Searching the Curatorium

We search Twitter on the App Store.

July 24, 2013 • 4 min read


Last week Iconfactory co-founder Gedeon Maheux said something I found incredible:

Risk in launching new paid v of existing apps: Slips in App Store search results. Twitterrific v4 = 4th result for “Twitter”. T5 = 68th.

Which 67 apps could be a better search result for “Twitter” than Twitterrific? Twitterrific is the Twitter app that started all Twitter apps, and is still widely regarded as one of the best. Further, why would releasing as a new app affect this at all?
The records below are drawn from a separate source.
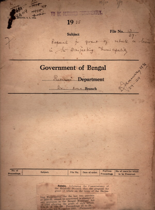 Proposal for grant of refuel on taxes in the Darjeeling Municipality.
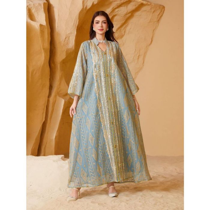 - يتميز بتصميم فضفاض مطرز بالترتر يمنح إطلالة فاخرة ولافتة
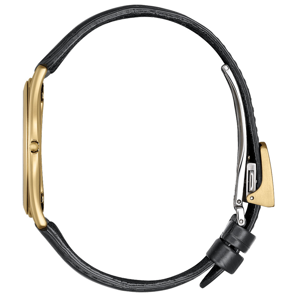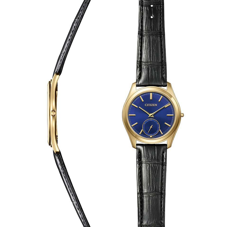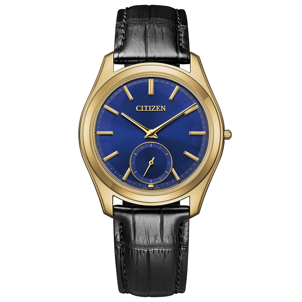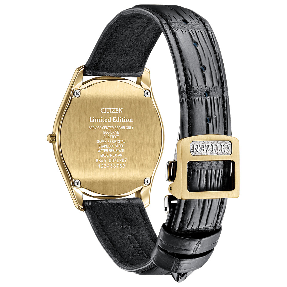 Вторые представленные часы - Citizen Eco-Drive One AQS0202-02L. Эта модель выполнена в более минималистском стиле. Она выполнена из нержавеющей стали с янтарным оттенком золота, имеет темно-синий циферблат и накладные индексы в виде палочек. Корпус часов имеет размер 36,6 мм и толщину всего 4,5 мм, что делает их одной из самых тонких солнечных моделей Citizen. Энергия поступает от калибра 8845 Eco-Drive, который использует свет для подзарядки и избавляет от необходимости замены батареи. Вместо браслета часы поставляются с черным кожаным ремешком и соответствующей застежкой золотистого цвета. Эта версия ограничена 250 экземплярами и поставляется с выгравированным номером серии на задней крышке корпуса.

Intuitively, I would say the App Store search results for “Twitter” should be:

  1. Twitter
  2. Twitterrific
  3. Tweetbot

Tweetbot and Twitterrific are the best Twitter apps on the Store, or at least some of the very best.

If I search the App Store for “Twitter” I see this instead:

  1. Twitter
  2. Instagram
  3. “Cool Wallpapers HD”
  4. Vine
  5. “Color Effects”
  6. “Emoticon Art”
  7. “InstaEffect FX”
  8. Echofon
  9. Shazam
  10. TweetCaster

How is the third result Cool Wallpapers HD? Or to be exact, how is the third result Cool Wallpapers HD & Retina Free with Facebook & Twitter for iPhone iPod iPad?

At the time of this writing, Tweetbot is #31 and Twitterrific is bafflingly #154. Twitterrific ranks below the timeless classic, “1,0000 YoMama Jokes”.

Going through the top 50, only 10 are specifically about Twitter. 6 more are general social aggregrators like Flipboard. The rest is just junk that mentions Twitter in their description somewhere.

Google’s results for “twitter iphone app” are better, but are still not a good way to find Tweetbot or Twitterrific. It’s not until #15 that they’re linked, via Rene Ritchie’s Twitter apps roundup which ranks them both at the top. Neither their official sites nor the App Store pages for Twitterrific or Tweetbot are in the top 100.

Why don’t great apps have great ranks?

In my echo chamber, Twitterrific and Tweetbot are used by many and praised by all. In the real world, most people are not looking for a paid Twitter app. The App Store is curated with this in mind, and I get that.

Still, it’s frustrating that the Store search algorithm cares almost exclusively about downloads, app title, and keywords. Paid apps get fewer downloads than free apps, so they’re lost in the noise. Instead of Twitterrific, we get Instagram at #2. This isn’t because Instagram is about “Twitter” at all, but because it’s insanely popular, and meets the minimum keyword relevance requirement to appear.

This might make some sort of sense for somebody new to the App Store, but for a person who’s trying to find a specific type of app it’s crazy-making. Suggesting Instagram when I search for Twitter is like suggesting Nickelback when I search for Said the Whale. It’s saying, “Not sure what that means, but statistically people like this thing.”

I also suppose the Tapbots and Iconfactory folks are less focused on SEO than they are on making good software. The fact neither of them rank in the top 100 Google results reflects this, and “Cool Wallpapers HD & Retina Free with Facebook & Twitter for iPhone iPod iPad” gets the upper hand.

The mysterious crash

All this is good to know, but it doesn’t explain Gedeon’s tale of Twitterrific going from #4 to #68 (or as I’m seeing it today, #154) when they uploaded version 5 as a new app. Maybe if Apple was valuing all-time downloads intead of recent downloads you would see that, but the search results fluctuate too regularly for that to be their approach.

To me, Twitterrific’s ranking crash is evidence that the results are augmented by manual curation. If somebody on the App Store team once flagged Twitterrific 4 as a good search result for “Twitter”, which it is, then Twitterrific 5 would have lost that flag by being submitted as a new app.

Manually curating search results fits with Apple’s culture, and their general attitude towards the Store. The App Store team seems to believe that features and curated recommendations are the best strategy for improving discoverability of good apps. In theory, manually curated search results could work well.